Editorial board meetings often became encounter groups where ideology clashed with the desire for respectability and the need for advertisers. It was certainly a voice of opposition, bringing problems like Burlington’s housing crisis, homelessness, environmental threats, the nuclear arms race, the perils of urban growth and the decaying dynasty inside city hall into the mainstream of public consciousness.

Mayor Gordon Paquette recognized the threat, and, after the newspaper published an article criticizing his decision to ban rock music in local venues, he decided to counter-attack. Paquette sued the paper and its editors for libel. The case centered on the allegation that he was drunk on the night when he attended a Supertramp concert in Memorial Auditorium and found some concertgoers too rowdy for his taste.

After we published the story, Paquette tried to force a retraction and get the names of our anonymous sources. When we refused he sued, which led to even more bad press. Convinced that the paper — and its senior editor specifically — was out to get him, the goal was to make the price so high that the Vanguard would be forced to back off. But we didn’t, and in early 1981, on the verge of a remarkable mayoral election, discovery and depositions were pending.

Shortly after that vote* the case was quietly dropped.

Concerned about the power and danger of covert operations and perception management, I had turned my focus to the intelligence community and threats to civil liberties, publishing investigative pieces and speaking at conferences and protests. After the post-Watergate revelations of the mid-1970s Congress moved briefly toward defining a set of standards. By the time the Foreign Intelligence Surveillance Act (FISA) was passed in 1978, however, the mood was already shifting back toward broadening the powers of the FBI and CIA.

Fearing that Supreme Court decisions would be even more damaging to individual rights than congressional actions many civil libertarians supported FISA, which set up a “secret court” to handle wiretap warrants. Emboldened by this legislative victory, the FBI and CIA next sought to legitimize the type of covert activities that had provoked protest only a few years before.

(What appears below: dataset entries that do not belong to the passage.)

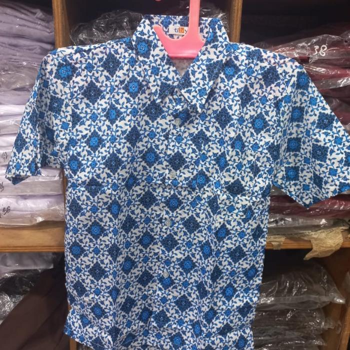 TERLARIS SERAGAM BATIK SEKOLAH PENDEK WARNA BIRU SIZE 15 16
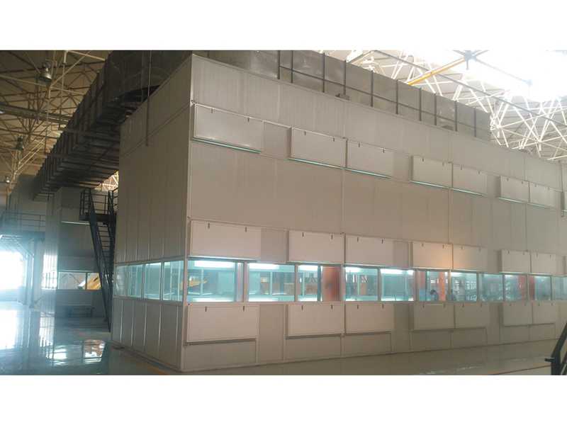噴漆時(shí),外部空氣經(jīng)過初級(jí)過濾網(wǎng)過濾后由風(fēng)機(jī)送到房頂,再經(jīng)過頂部過濾網(wǎng)二次過濾凈化后進(jìn)入房?jī)?nèi)。房?jī)?nèi)空氣采用全降式,以0.2-0.3/s的速度向下流動(dòng),使噴漆后的漆霧微粒不能在空氣中停留,而直接通過底部出風(fēng)口被排出房外。這樣不斷地循環(huán)轉(zhuǎn)換,使噴漆時(shí)房?jī)?nèi)空氣清潔度達(dá)98%以上,且送入的空氣具有一定的壓力,可在車的四周形成恒定的氣流以去除過量的油漆,從而大限度地保證噴漆的質(zhì)量。
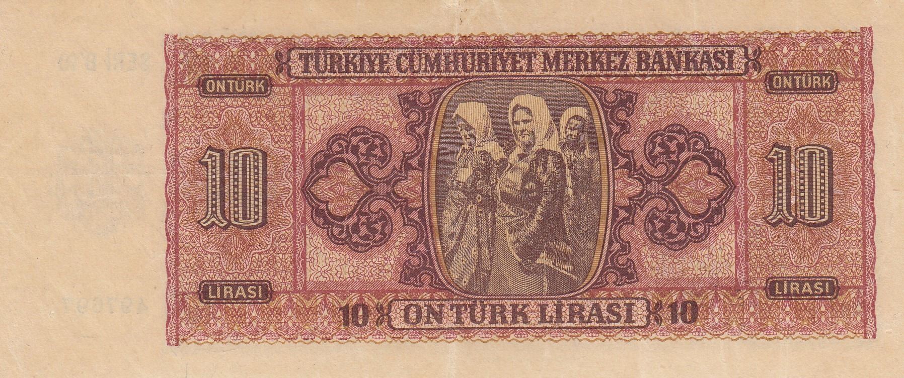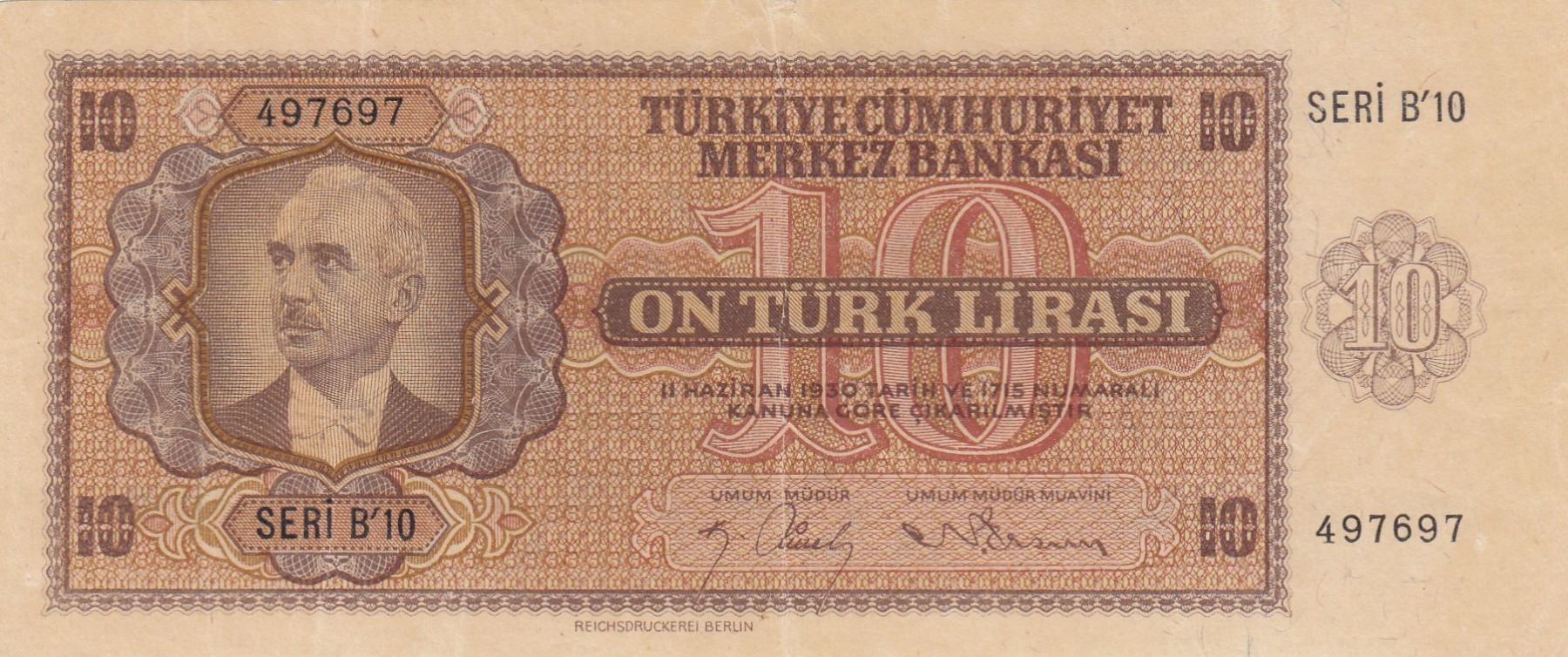 Turkey, 10 Lira, 1942, XF, 3/1. Emission, p141br/Inönü portrait, serial number: B10 497697, lightly pressed

Most of Congress was already eager to liberate the intelligence agencies, which claimed that their covert programs had been hamstrung by Watergate era rules and congressional oversight. Thus, politicians looked away when the CIA or FBI didn’t completely notify Congress about their operations. A chance to blow the whistle finally emerged in early 1980, just days before the launch of the US Census.

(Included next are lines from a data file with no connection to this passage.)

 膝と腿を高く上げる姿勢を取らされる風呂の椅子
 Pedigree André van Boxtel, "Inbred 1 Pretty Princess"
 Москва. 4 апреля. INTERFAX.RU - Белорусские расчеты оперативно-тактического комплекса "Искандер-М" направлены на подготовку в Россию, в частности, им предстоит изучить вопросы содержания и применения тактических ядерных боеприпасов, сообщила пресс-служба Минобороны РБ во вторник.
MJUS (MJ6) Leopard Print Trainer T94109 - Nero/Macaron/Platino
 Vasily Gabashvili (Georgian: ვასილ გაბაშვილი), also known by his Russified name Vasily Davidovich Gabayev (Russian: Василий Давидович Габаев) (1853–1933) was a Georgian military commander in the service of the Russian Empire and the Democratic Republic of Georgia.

Sometimes it takes only a single document — and good timing — to shake things up. In this case it was an FBI report about the surveillance of a nurse practitioner named Jed Lowy. Like many people, Lowy just happened to be in the “wrong place” at the wrong time. In his case, the place was a so-called Vermont “commune” the bureau considered a gathering spot for “extremists.” The difference was that Lowy obtained his FBI file via the Freedom of Information Act and shared it.

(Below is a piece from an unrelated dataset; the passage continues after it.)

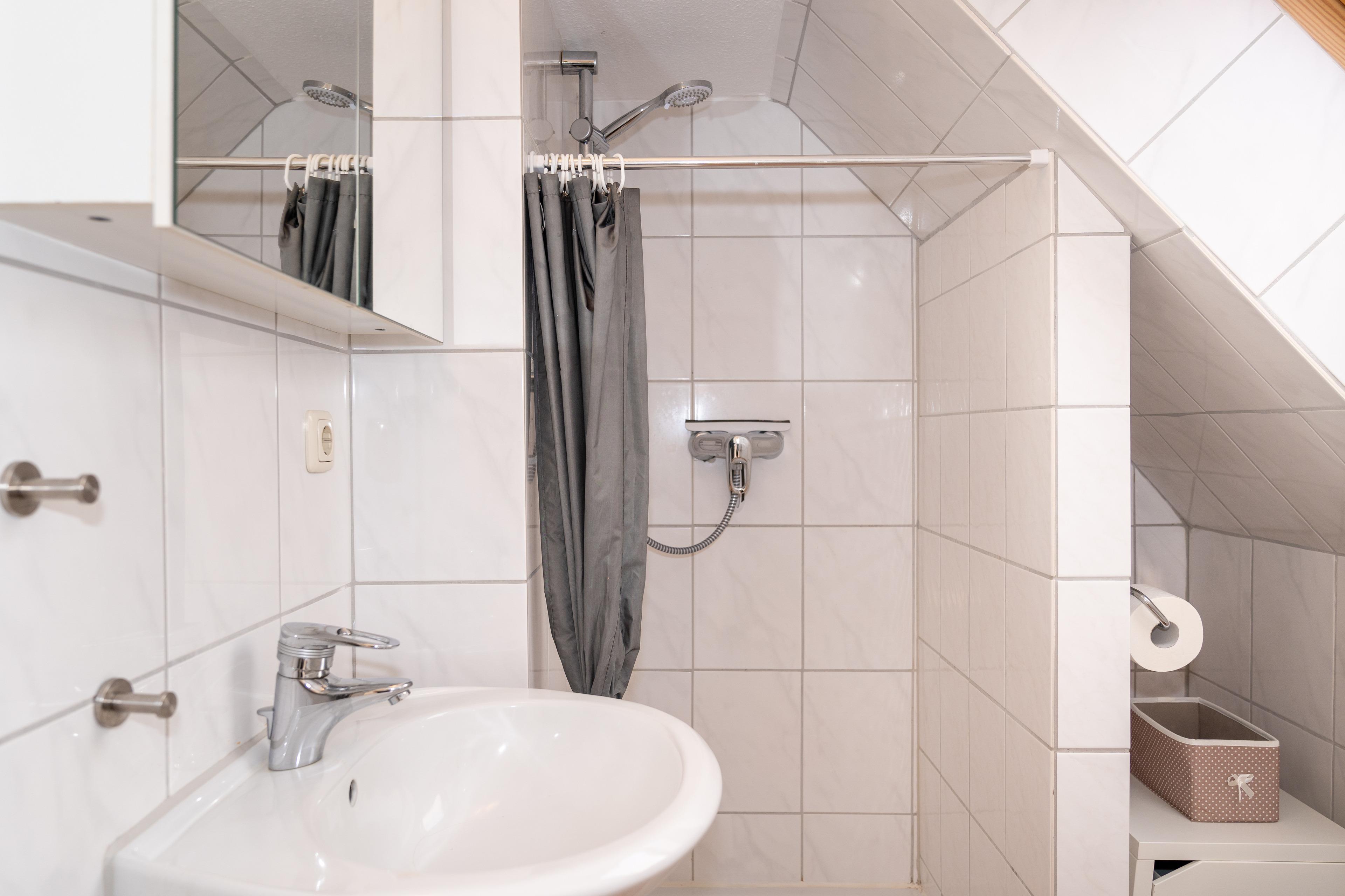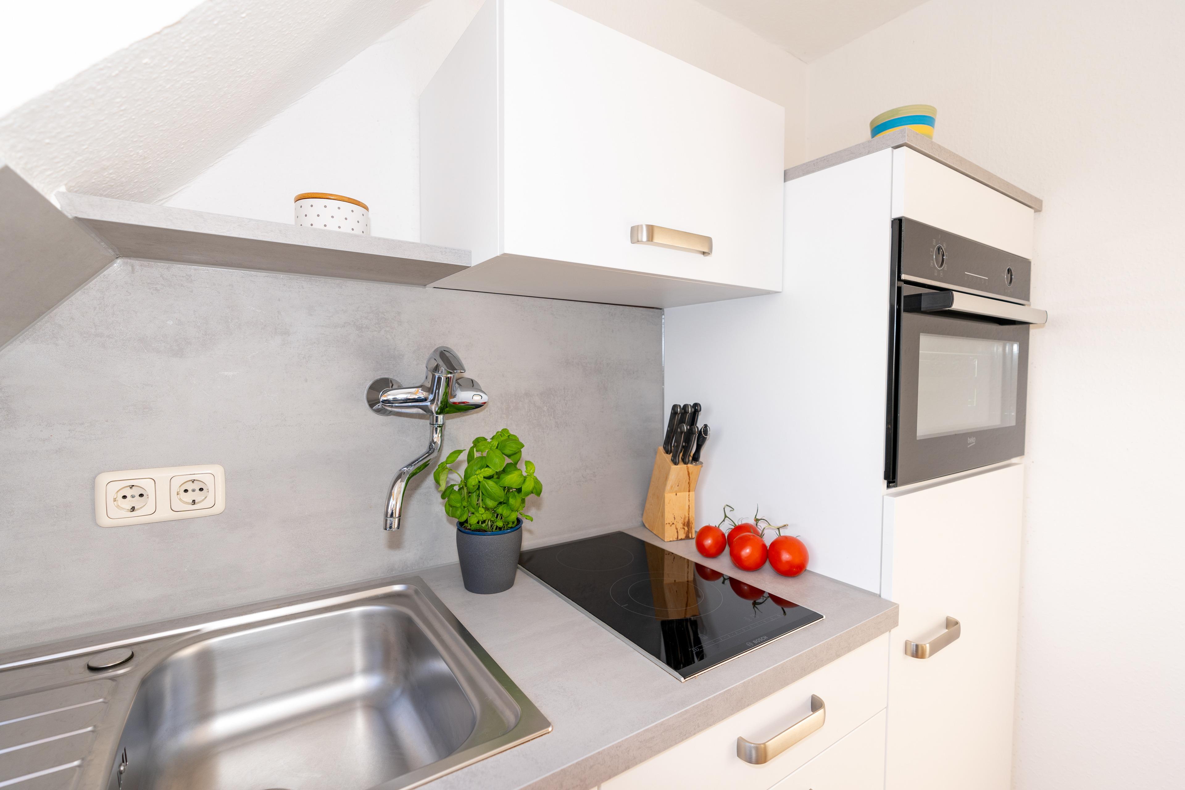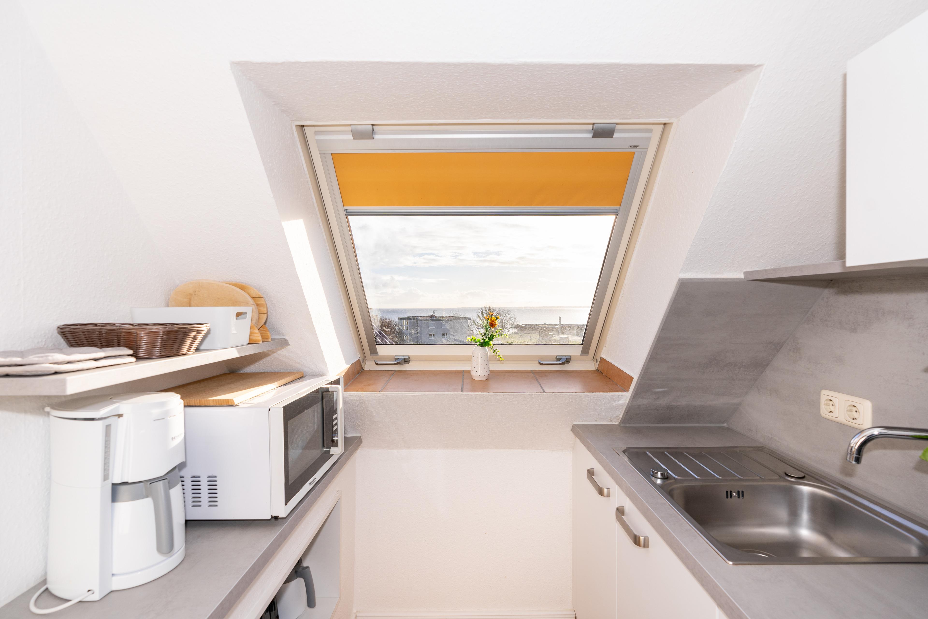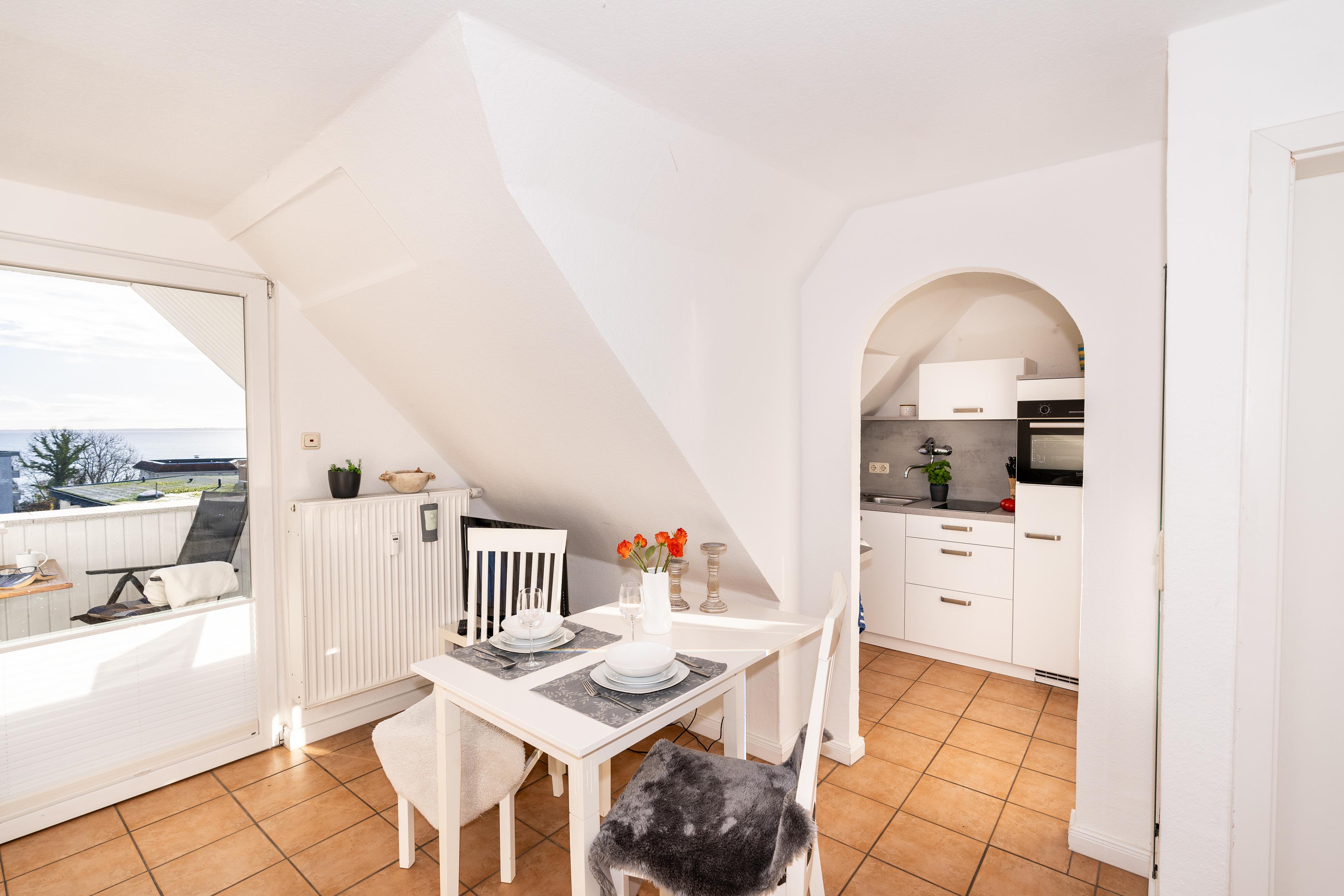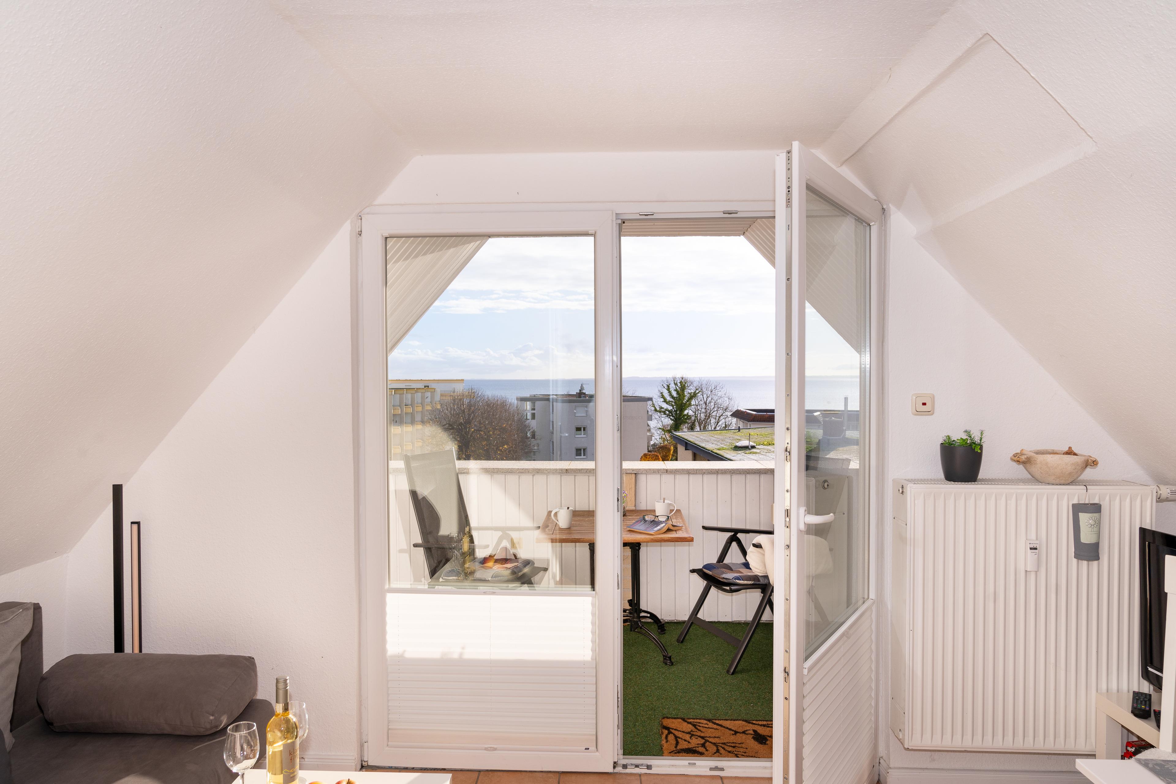 Der Wohnbereich dieser charmanten Wohnung erstreckt sich über ca. 40 m² und ist ausgestattet mit einem bequemen Doppelbett (2x 90x200 cm), einem Kleiderschrank, einer Kommode und einem Essplatz für zwei Personen. Ein Flatscreen-TV sowie eine gemütliche Couch sorgen für zusätzlichen Komfort und eignen sich perfekt für einen romantischen Urlaub zu zweit. Die kleine, separate Küche ist mit einem 2-Plattenherd und einer Mikrowelle ausgestattet. Das Duschbad ist geschickt unter den gemütlichen Dachschrägen untergebracht. Die clevere Raumaufteilung ermöglicht es, den Wohnbereich in zwei funktionale Zonen zu unterteilen. Außerdem gelangen Sie vom Wohnbereich direkt auf den überdachten Balkon, der Ihnen einen herrlichen Blick auf die Ostsee bietet.

One entry in the file revealed that the bureau was trying to identify the driver of a Blue 1970 Volkswagen, which had “previously been observed at New Left locations in Vermont.” The Albany FBI office contacted its Newark, New Jersey counterpart and discovered that the car belonged to a 53-year-old man, Lowy’s father. A search was initiated to see who might be driving it.

The article I wrote for the Vanguard, published on April 4, 1980, charged the bureau with misusing the US Census. The evidence was a document that said the following: “A (deleted) to (deleted) the (deleted) of a spot check for the 1970 census resulted in a (deleted) with the (deleted) from whom the following was obtained.”

Not much to go on. But in a letter to Lowy the Bureau explained that the deleted portions referred to other people whose privacy rights were being protected and the investigative techniques that had been used. Once they had Lowy’s name, they had zeroed in on him through the New Jersey Department of Motor Vehicles and continued investigating for another six months. Despite the absence of any evidence they kept at it because of an alleged association with the Fresh Ground Coffee House, “a known contact point for extremist(sic) and associated with the Red Mountain Green Commune.”

When I contacted the FBI, an agent in Washington, DC office issued the standard denial: “The FBI does not utilize census information. Period.” Once I read portions of the memo, however, he decided to get back to me. In a follow up call, the new line was that he wasn’t “at liberty to discuss documents that the FBI has.” He didn’t repeat the denial. We had struck a nerve.

The story created an immediate sensation, shooting across the country within hours. Vermont’s congressional delegation said the repercussions could be serious and promised to investigate. By the weekend, our scoop was a national sensation and Lowy was being interviewed on the CBS Evening News. A week after the initial story, the FBI acknowledged that, although census information hadn’t been used, an agent had indeed posed as a census worker.

The technique, a bureau spokesman told the New York Times, was known as “pretext interviews,” in which agents assume false identities. But he added that new FBI guidelines said agents shouldn’t pose as representatives of other Federal agencies without the consent of that agency. That, of course, raised the question of what the Census Bureau actually knew. Unfortunately, the investigation never got that far.

Instead, the FBI released a less deleted version of the memo. What it revealed was that a “pretext call” — the first deleted phrase — to the Lowy home had “resulted in a conversation with the maid…” In other words, an FBI agent had posed as a census worker to find out more about a 30-year-old health worker who had merely visited a “commune.” FBI Director William Webster protested that the technique was legal — but added that all field offices had been told not to do it.

Attorney General Ben Civiletti was a more candid. In a letter to US Senator Patrick Leahy, he said the FBI knew “it is wrong for an FBI agent to pose as a representative of the Bureau of the Census for any reason,” and had so informed its special agents. Webster subsequently put the revised policy on paper: the pretext of being a census worker shouldn’t be used, or even requested.

What we never learned was whether it was an isolated occurrence or a standard procedure. Nevertheless, a small crack had been made in the covert iceberg. An alternative newspaper had broken through the “Washington consensus” to challenge the intelligence community. It wouldn’t be the last time.